On the other hand, as Eliezer points out, perhaps we ought to be suspicious of this, because "it sounds like the correct answer ought to be to just keep the part with the coherent utility function in CEV which would make it way easier, but then someone's going to jump up and say: 'Ha ha! Love and friendship were actually in the other two!'"
Unfortunately, it's too early to tell whether these results will be useful for CEV. But it's a little promising. This is the kind of thing that sometimes happens when you hack away at the edges of hard problems. This is also a repeat of the lesson that "you can often out-pace most philosophers simply by reading what today's leading scientists have to say about a given topic instead of reading what philosophers say about it."

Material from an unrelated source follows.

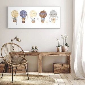 "Amici in viaggio" è una proposta per genitori e bambini che apprezzano l'armonia e i motivi ispiratori nell'arte. Figure di animali fiabeschi in palloncini introducono elementi di leggerezza e delicatezza nello spazio, aggiungendo al contempo un fascino unico agli interni. Il dipinto si integra perfettamente con composizioni pastello e decorazioni per bambini.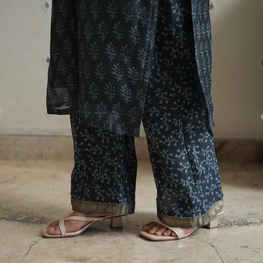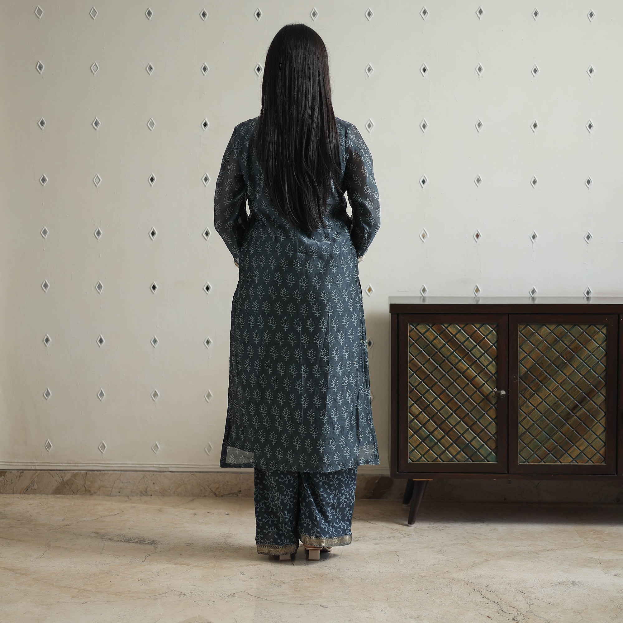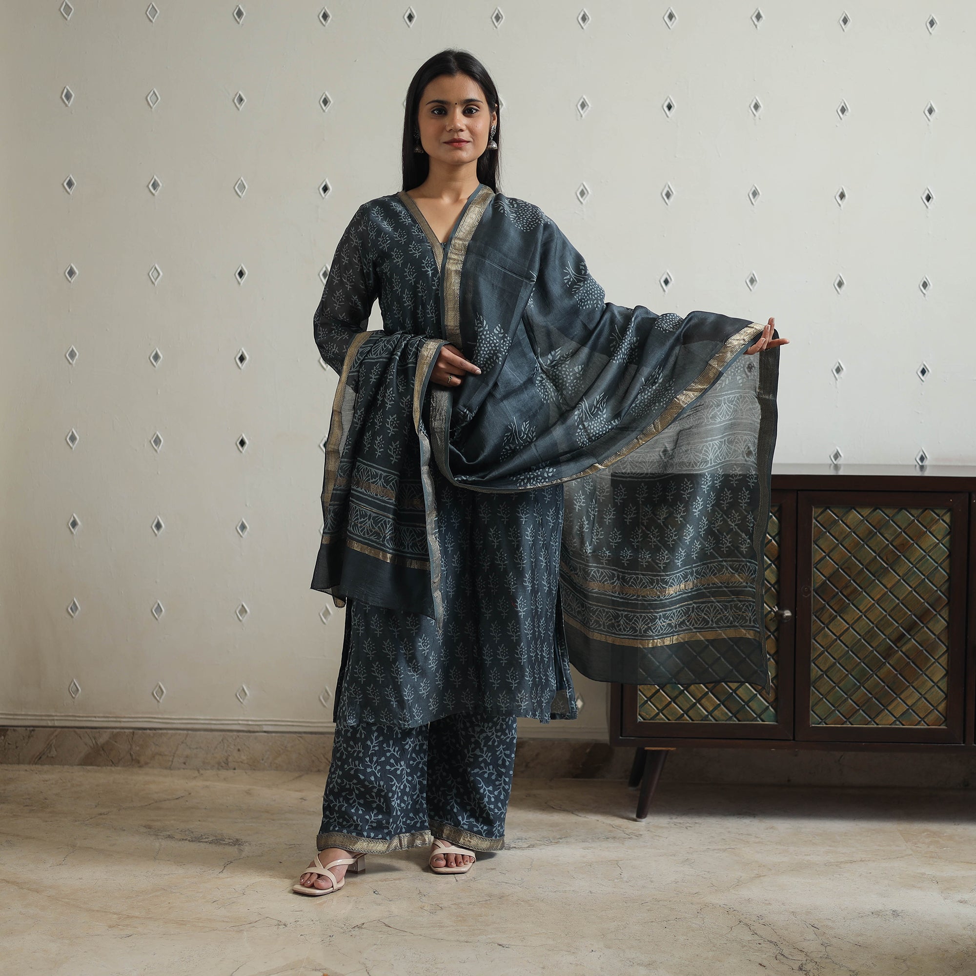 Step up your style with our traditional maheshwari silk bagru print kurta set. This ensemble includes a stylish kurta with one side pocket, comfortable cotton palazzo with an elasticized waist & two side pockets, and a zari-bordered dupatta, all featuring traditional bagru block print motifs. Perfect for festive occasions or casual elegance, this suit reflects timeless artistry.

(For pointers to the relevant experimental data, and for an explanation of the mathematical role of each valuation system in the brain's reinforcement learning system, see Dayan (2011). All quotes in this post are from that chapter, except for the last one.)
In these terms, the plan I see as the most promising is that the correct way of extracting preferences from humans that doesn't require further "extrapolation" falls out of decision theory.
(Not sure what you meant by Drescher's option (what's "response to preferences"?): does the book suggest that it's unnecessary to use humans as utility definition material? In any case, this doesn't sound like something he would currently believe.)
As I recall, Drescher still used humans as utility definition material but thought that there might be a single correct response to these utilities — one which falls out of decision theory and game theory.